Q2 Japanese GDP fell -0.3% but the outcome was rosier than the headline portrays. Consensus expectations were for a decline of -0.6%. On an annualized basis GDP dropped -1.3% on expectations of -2.5%. Exports accounted for a majority of the weak GDP numbers but stronger than expected consumption, higher business inventories, and a bump up in construction spending after the earthquake/tsunami were enough to close the gap with markets' expectations. The data is encouraging given last week's better Tertiary Industry Activity (1.9% on expectations of 1.1%) and stronger core machinery orders (7.7% on expectations of 1.9%).

The better than expected GDP data comes at a time when the Japanese government could use the increased tax revenues that follow higher growth. The current administration is teetering on the edge of losing its AAA rating. Analysts from Rating & Investment Information, one of Japan's two major rating agencies says the nation could lose its top rating unless the government reigns in its budget deficit and addresses the political instability of a revolving door at the Prime Minister's office.

External forces are currently in favor of an appreciating Japanese yen. The Swiss National Bank looks to be taking further action to stem the tide of a strengthening Swiss franc. The SNB is in discussions to set a lower limit for the EUR/CHF above 1.10. This follows previous attempts to weaken the CHF via increased swap agreements with other European central banks, additional sight deposits, and negative interest rates. The moves by the SNB make the JPY the most likely candidate for real money safe haven flows.

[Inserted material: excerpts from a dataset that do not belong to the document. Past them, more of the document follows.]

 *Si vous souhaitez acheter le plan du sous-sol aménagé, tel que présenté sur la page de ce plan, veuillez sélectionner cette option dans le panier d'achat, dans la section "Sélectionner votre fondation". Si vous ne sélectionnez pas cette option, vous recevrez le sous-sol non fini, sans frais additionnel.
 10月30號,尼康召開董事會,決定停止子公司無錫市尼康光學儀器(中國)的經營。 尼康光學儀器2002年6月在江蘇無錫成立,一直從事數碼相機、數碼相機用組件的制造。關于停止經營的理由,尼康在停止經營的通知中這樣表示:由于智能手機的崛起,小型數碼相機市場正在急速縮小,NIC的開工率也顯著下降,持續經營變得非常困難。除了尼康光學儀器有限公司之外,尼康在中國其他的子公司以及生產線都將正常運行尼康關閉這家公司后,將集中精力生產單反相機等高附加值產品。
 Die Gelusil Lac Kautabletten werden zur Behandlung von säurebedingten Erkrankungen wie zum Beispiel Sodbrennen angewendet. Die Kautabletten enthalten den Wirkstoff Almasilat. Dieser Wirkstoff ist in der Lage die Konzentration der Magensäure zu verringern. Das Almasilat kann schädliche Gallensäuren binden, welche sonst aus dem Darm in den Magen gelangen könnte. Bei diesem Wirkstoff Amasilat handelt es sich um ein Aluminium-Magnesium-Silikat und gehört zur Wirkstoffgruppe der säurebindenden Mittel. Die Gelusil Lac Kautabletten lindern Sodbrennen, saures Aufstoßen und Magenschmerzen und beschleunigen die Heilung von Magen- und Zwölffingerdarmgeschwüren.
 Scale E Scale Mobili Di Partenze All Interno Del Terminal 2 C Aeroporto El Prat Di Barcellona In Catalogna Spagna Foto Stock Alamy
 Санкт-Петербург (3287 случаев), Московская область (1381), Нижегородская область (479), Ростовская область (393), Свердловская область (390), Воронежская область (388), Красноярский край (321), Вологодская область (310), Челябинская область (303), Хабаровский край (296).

Although Fed Funds futures showed the market's expectations for a US rate hike were in not until winter of 2012, last week's announcement by the Fed to keep interest rates near zero until mid-2013 might offer further USD weakness in the near term. Given the additional easing of US monetary policy put in place by Bernanke and the Fed , it will be a long uphill battle to book any gains in the USD/JPY.

The question is now how will Japan respond? After embarking on an estimated $50bn FX market intervention to stem the tide of a rising yen the MoF has only responded with tough talk and no follow up action. Japanese finance minister Yoshihiko Noda was quoted as saying, "As foreign exchange market matters are my prerogative, I will continue to closely watch the markets and take bold action if it becomes necessary." This lends to the idea that further intervention in the forex market may be on the way.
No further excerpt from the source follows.